Work required: Pictures aside, repeat the whole listing word for word.

Data block:
━━━
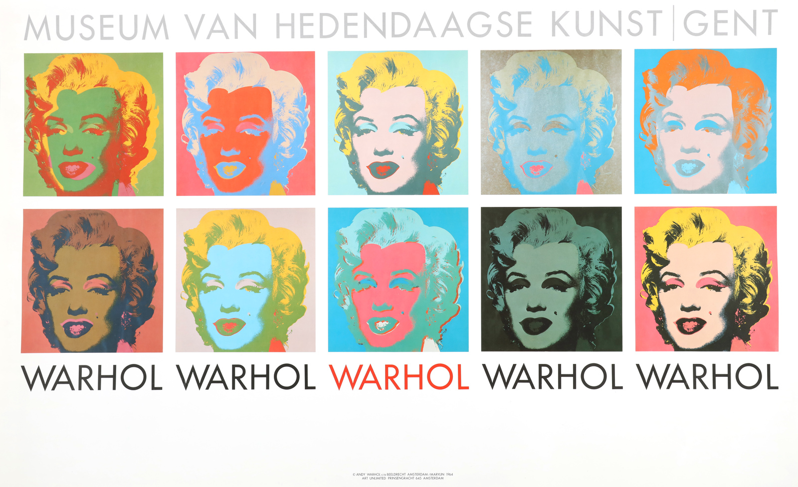 WARHOL ANDY (1928 - 1987) Warhol Warhol Warhol Warhol Warhol. Poster. Cm 96,00 x 60,00. Exhibition poster of Museum Van Hedendaagse Kunst,Gent.
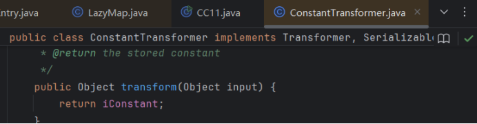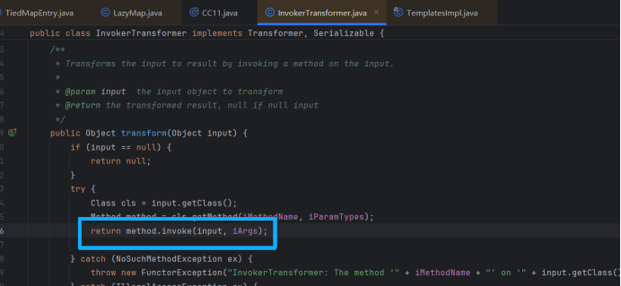 因为InvokerTransformer方法的transform中调用了invoke,那么可以借此触发此函数
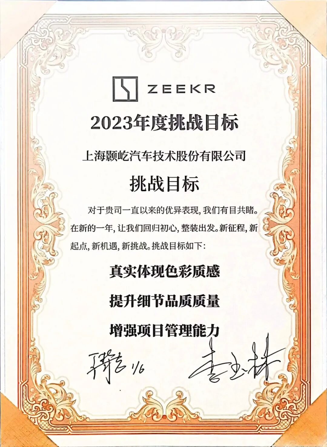 上海颢屹汽车深耕汽车领域十余年,在行业内的创新能力、技术先进水平和产品质量、技术储备、人才储备等深受极氪汽车的认可,正因如此,极氪汽车此次与上海颢屹汽车签订了”2023年度挑战目标“,意味着2023年上海颢屹汽车与极氪汽车将继续深度合作,共同进步,一起竭力为汽车领域的发展做贡献!
━━━
Answer to the exercise:
 WARHOL ANDY (1928 - 1987) Warhol Warhol Warhol Warhol Warhol. Poster. Cm 96,00 x 60,00. Exhibition poster of Museum Van Hedendaagse Kunst,Gent.
 因为InvokerTransformer方法的transform中调用了invoke,那么可以借此触发此函数
 上海颢屹汽车深耕汽车领域十余年,在行业内的创新能力、技术先进水平和产品质量、技术储备、人才储备等深受极氪汽车的认可,正因如此,极氪汽车此次与上海颢屹汽车签订了”2023年度挑战目标“,意味着2023年上海颢屹汽车与极氪汽车将继续深度合作,共同进步,一起竭力为汽车领域的发展做贡献!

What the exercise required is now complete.